Between 1954 and 1967, the town acquired telephone service. Dejen is a checkpoint for traffic crossing regional boundaries. Because of the enforced waiting time, there are several restaurants and hotels catering to waiting travellers. The Ethiopian Roads Authority announced 22 July 2009 that it had paved the 41 kilometers of road between Dejan and Gohatsion in Wara Jarso.

In August 2008, the Derba MIDROC Company opened a small cement factory Dashin cement factory on the outskirts of the town, which produces 4,000 qtls of cement per day. Some of the output of this factory will be used in the construction of the larger Derba Midroc Cement Factory, which will be located 70 kilometers north of Addis Ababa and is expected to be the largest cement factory in Ethiopia. North Holdings Investment announced 17 October 2009 that it had completed a feasibility study for its own cement factory at Dejen, which would be built on 450 hectares of land.
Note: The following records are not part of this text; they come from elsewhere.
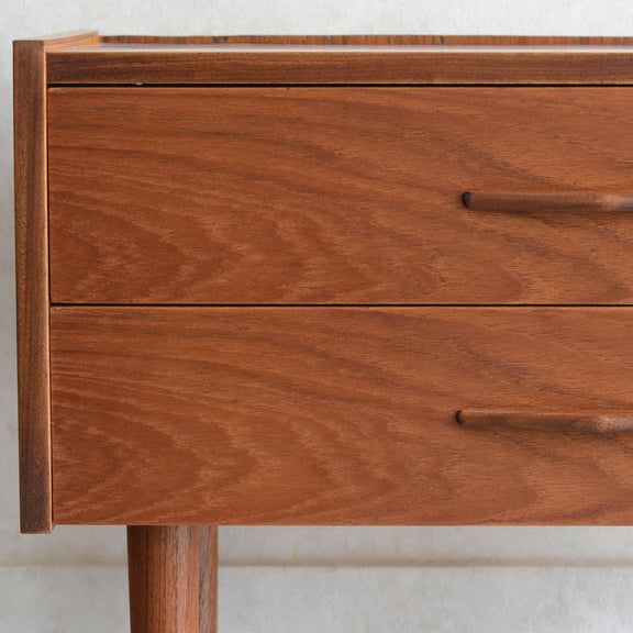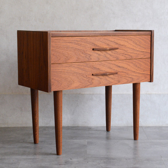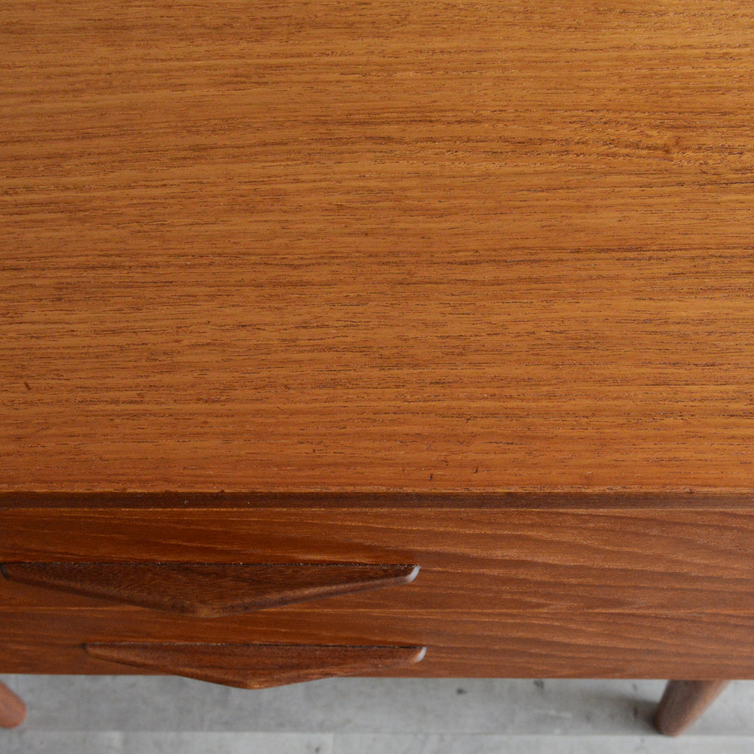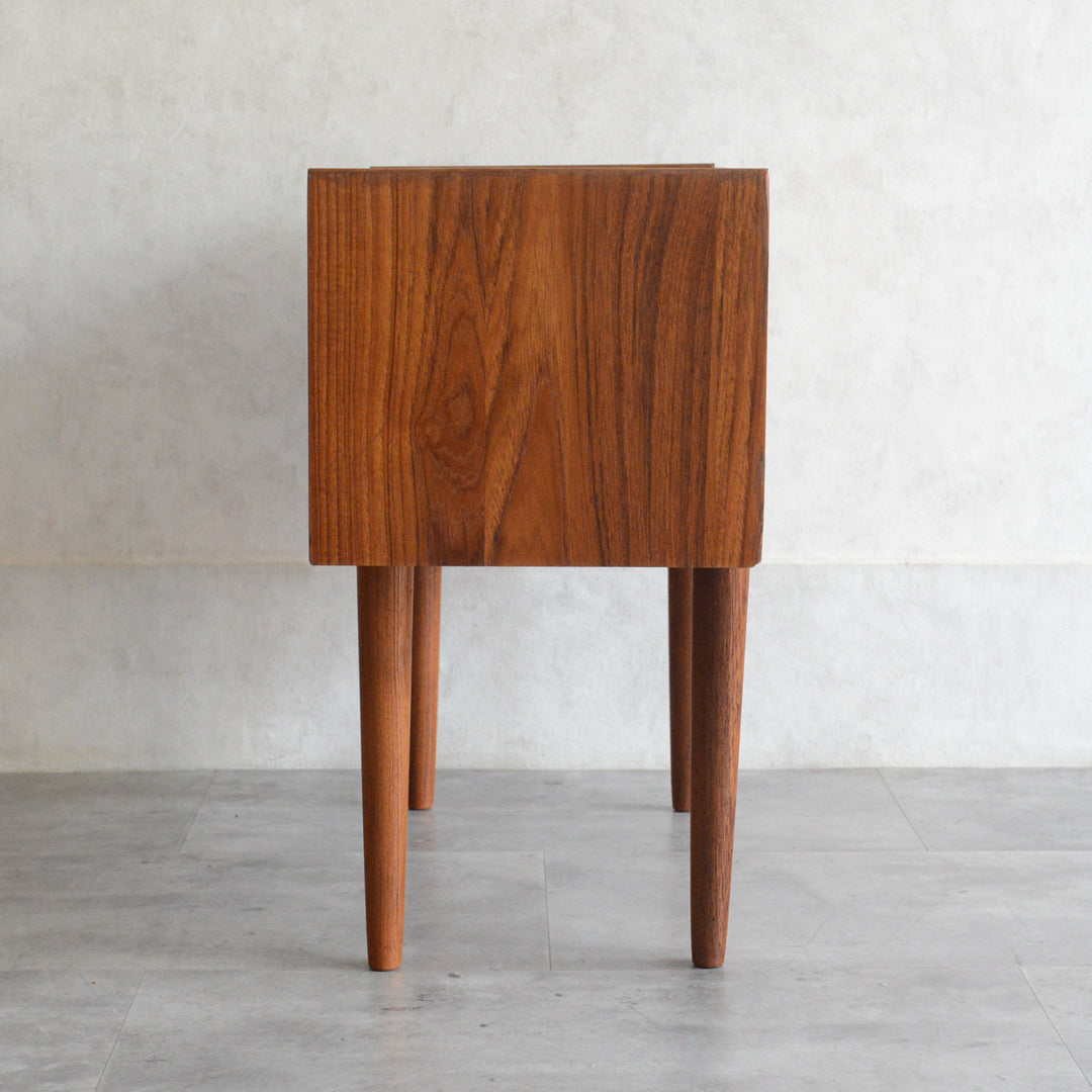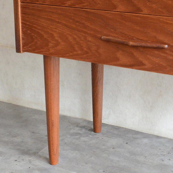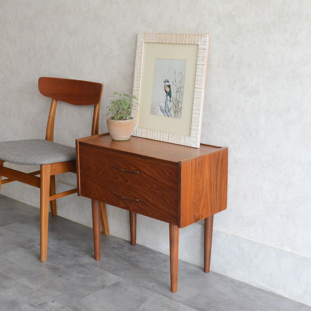 無垢のチーク材を使した丸脚と柔らかな曲線を描いた把手が北欧らしいデザイン。
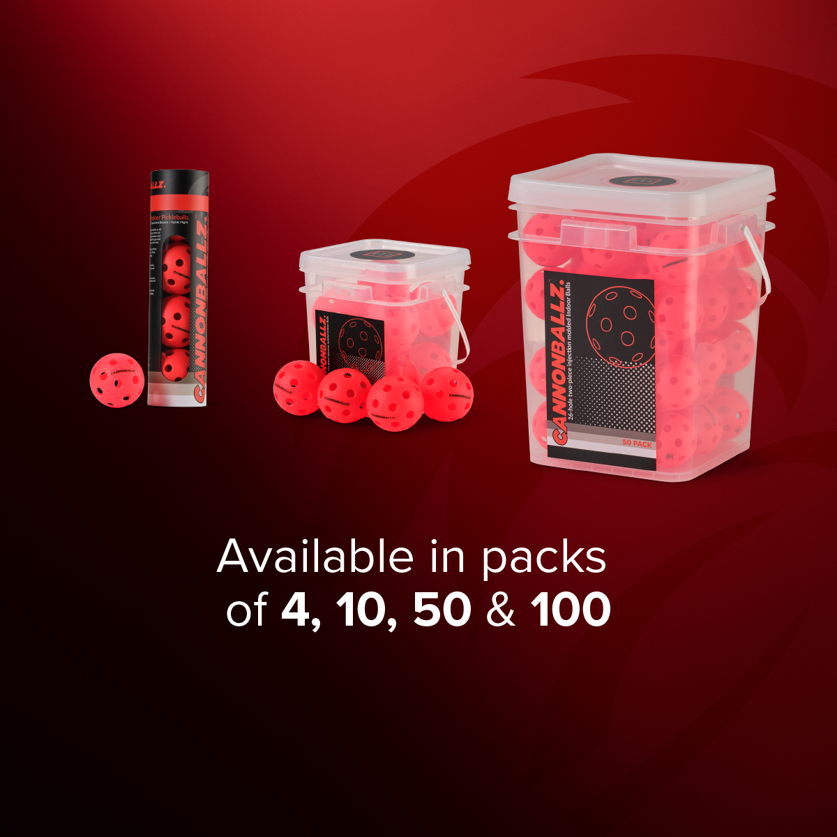 • Mint Cannonballz™ 26 Hole Indoor Pickleballs 4-Pack (Fluorescent Ember)
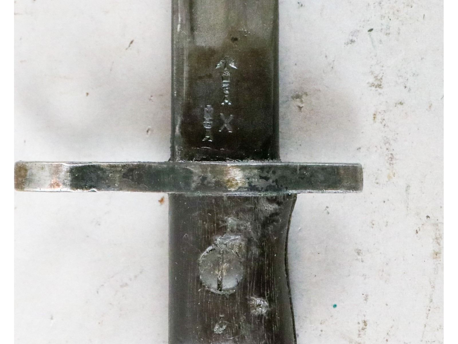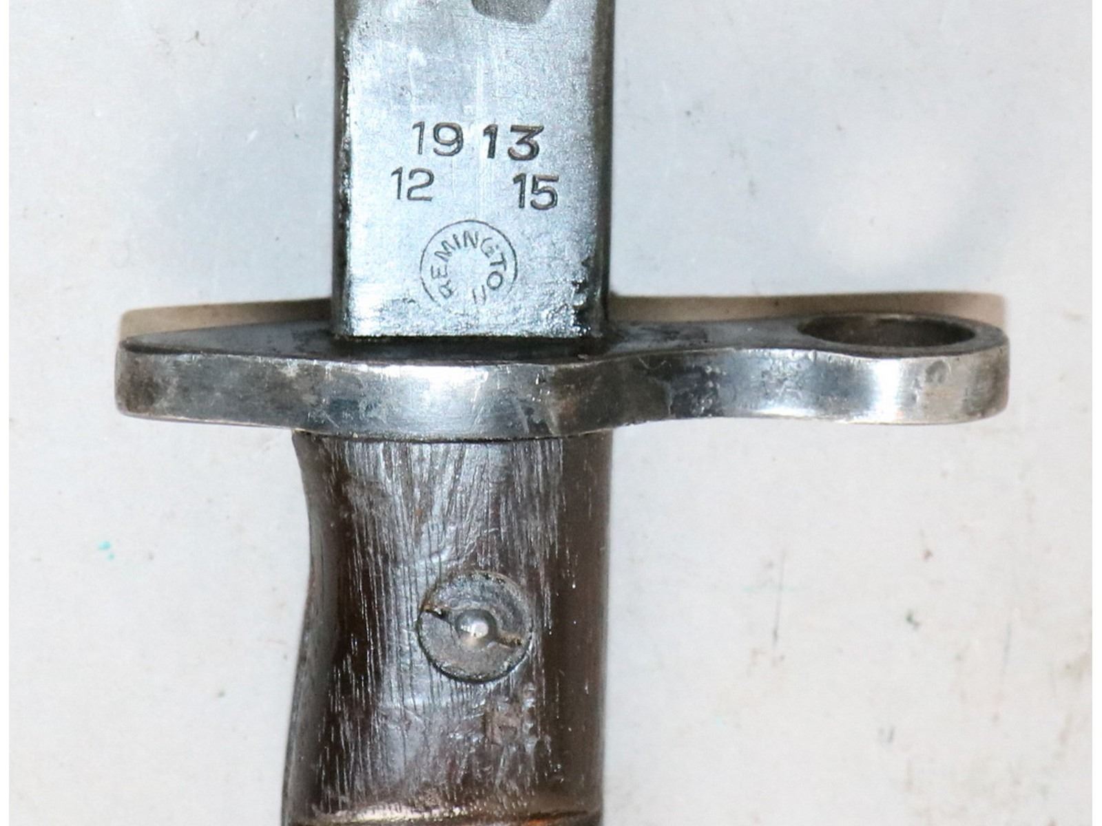 Blade measures 17", overall 22.5". Made in December 1915 by Remington. Nice blade with bold British inspection marks. Proper wood grips in used condition. Pommel and cross guard have some remaining black paint. Aged leather scabbard with partially black painted fittings. Very nice, sharpened blade. Small #7 stamped in wooden grips.
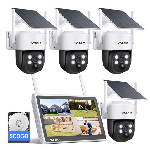 VORGUT防犯カメラ屋外ソーラーモニター付き4台セット監視カメラソーラー電源不要防犯カメラワイヤレス屋外無線PIR人体検知声光威嚇双方向通話2.4G&5G対応5年保証(400万画素カメラ4台+10インチ
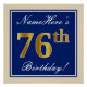 Este sencillo y elegante diseño de poster para fiestas de cumpleaños incluye un mensaje personalizado como "¡El 76º cumpleaños es el nombre de aquí!" (con el "76º" con un aspecto de color falso/imitación de oro) dentro de un área cuadrada de color azul con un sencillo contorno fronterizo. El nombre se encuentra en un texto elegante de color blanco tipo script, y se puede personalizar. Un poster de fiesta de cumpleaños personalizado como este podría ser usado como decoración en un fiesta que está siendo retenido por alguien que está celebrando su cumpleaños setenta y seis. [~Z0000239]
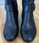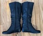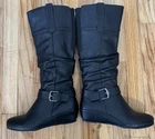 Occasion: Casual Accents: Zipper Season: Fall, Spring, Summer, Winter Toe Shape: Round Toe Country/Region of Manufacture: China US Shoe Size: 7 Insole Material: Leather Customized: No Upper Material: Faux Leather Model: Yuu Simona Closure: Buckle Lining Material: Fabric Personalize: No Color: Black Seller Notes: “Listed as pre-own but look like new. See photos.” MPN: N/A Pattern: Solid Outsole Material: Rubber Features: Breathable, Comfort Heel Height: Low (1-1.9 in) Shoe Shaft Style: Knee High Shoe Width: M Department: Women Theme: Classic Heel Style: Wedge Style: Riding Boot Type: Boot Vintage: No Brand: YUU
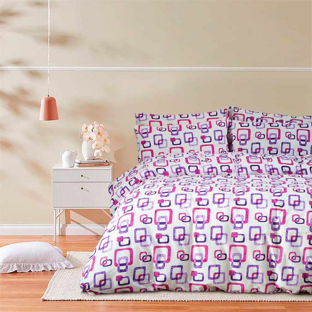 Постельное белье с геометрическим рисунком лиловых оттенков смотрится очень стильно и красиво. Натуральная хлопковая ткань обеспечит вам уют и комфорт во время сна.
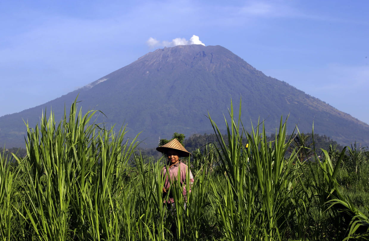 Situés à seulement quelques kilomètres du volcan, les champs et rizières des paysans pourraient être totalement détruits par l'éruption du mont Agung.
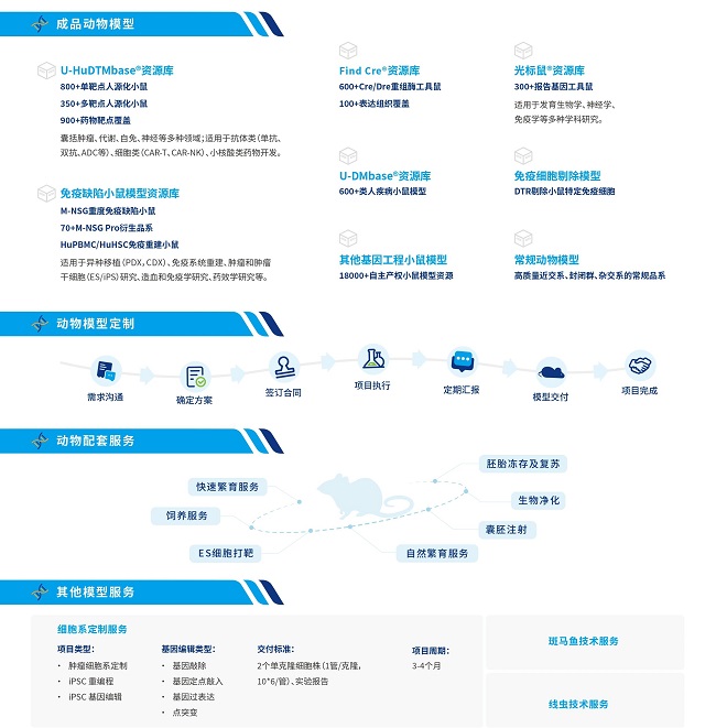 南模生物擁有經(jīng)驗(yàn)豐富的模型定制團(tuán)隊(duì),可為客戶定制敲除、條件性敲除、點(diǎn)突變、人源化、敲入等多種類型的基因編輯小鼠。此外,南模生物擁有含上萬種成品小鼠的模型資源庫,基本覆蓋熱門基因的敲除/條件性敲除小鼠、免疫缺陷小鼠、靶點(diǎn)人源化小鼠、自發(fā)疾病小鼠、Cre/Dre 工具鼠、熒光示蹤小鼠等。
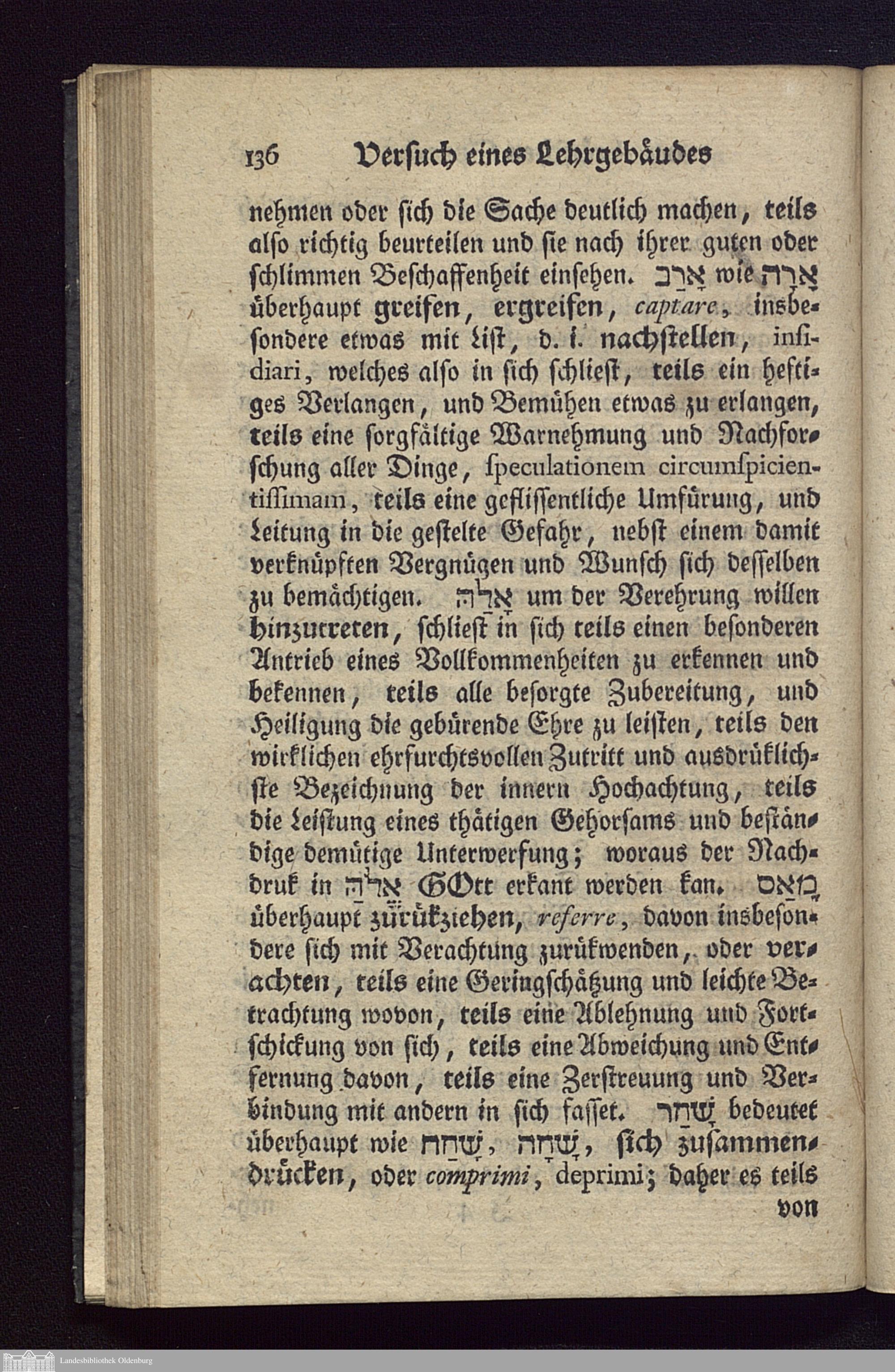 Versuch eines Lehrgebäudes der Ebräischen Sprache : worin teils die ersten Grundsätze der Grammatik, teils die eigentliche Beschaffenheit einer ebräischen Rede ... gezeiget werden : nebst einer Vorstellung der chaldäischen, syrischen und arabischen Sprache selbst / von M. Christian Gottfried Hase
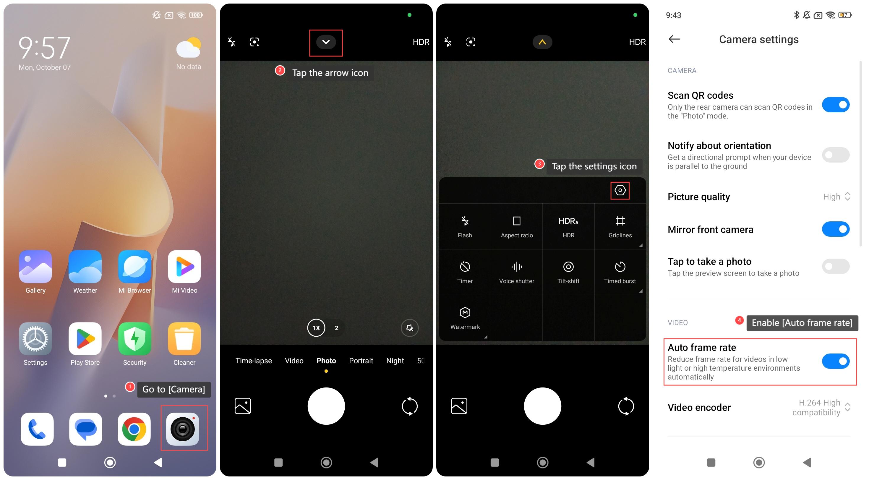 Để bật Tốc độ khung hình tự động trên điện thoại của bạn, vui lòng tham khảo các bước sau:
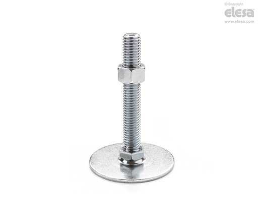 Fotplatta med ledad kula eller gängad stång med mutter i förzinkat stål.
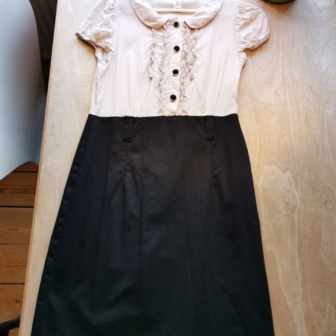 Lyserød kjole med hvide mønster detaljer, den er lidt plisseret i skørtet
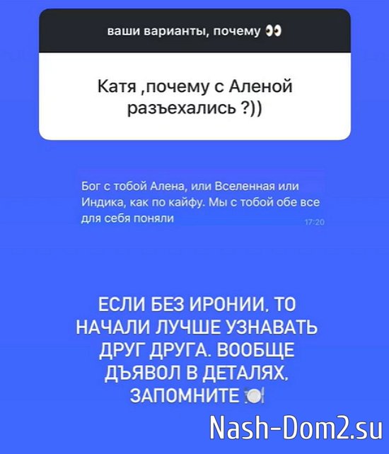 Алёна "подставила" Горину и осталась в Таиланде, хотя девушки приехали на работу в Дубаи вместе. Своим фолловерам Алёна призналась, что устала улыбаться без причины и переступать через себя.
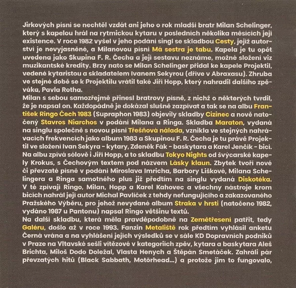 | Backing Band Skupina F. R. Čecha | Bass Guitar, Backing Vocals Jan Kavale | Drums, Backing Vocals Josef Havlíček | Guitar Jiří Schelinger | Guitar, Backing Vocals Milan Schelinger, Stanislav Kubeš | Lyrics By František Ringo Čech | Music By Milan Schelinger | Percussion, Backing Vocals František Ringo Čech | |||
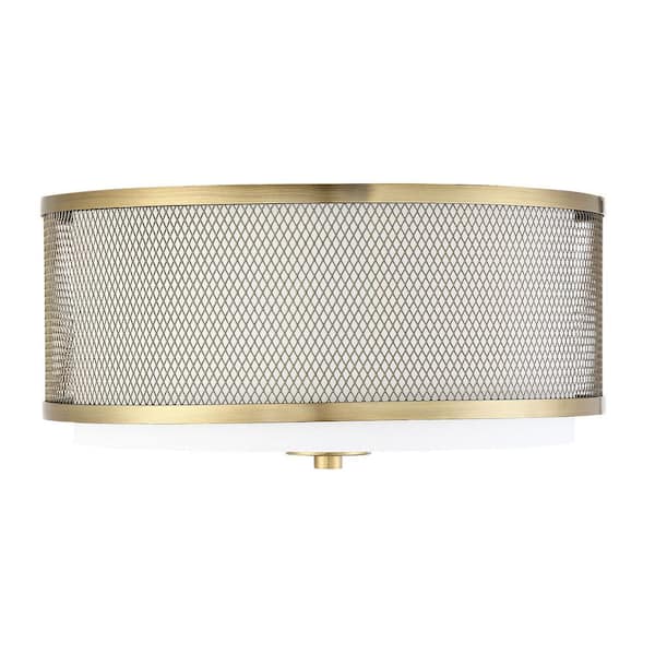 14.75 in. W x 6.25 in. H 3-Light Natural Brass Flush Mount Ceiling Light with White Fabric Shade and Metal Mesh Frame

Construction of the factory will cost around US$1.6 billion, and once completed it would have a production capacity of nine million tons a year.

== History ==
Dejen is named after the traditional district it lies in, Dejen, which is best known as where Admas Mogasa, the widow of Emperor Menas, raised the future Emperor Susenyos and instructed him in "the doctrine of the holy books."

P. H. G. Powell-Cotton, who camped there in March 1900, described Dejen as "a little village of a dozen huts or so perched on the steep side of the valley of the Mogga, and only remarkable as being the first village on the Gojam side" of the Abay.

The town was subjected to long-distance shelling on 16 April 1991, after its capture by the Ethiopian People's Revolutionary Democratic Front, and six people were killed.

By the end of August 2021, an internal note of the EU delegation in Ethiopia mentioned that the Oromo Liberation Army had established itself around the Blue Nile gorge, with a check point on the main road between Addis Ababa and Bahir Dar near the bridge at Dejen.

== Demographics ==
Based on figures from the Central Statistical Agency in 2005, Dejen has an estimated total population of 15,483, of whom 7,688 are men and 7,795 are women. The 1994 census reported this town had a total population of 8,930 of whom 4,045 were men and 4,885 were women.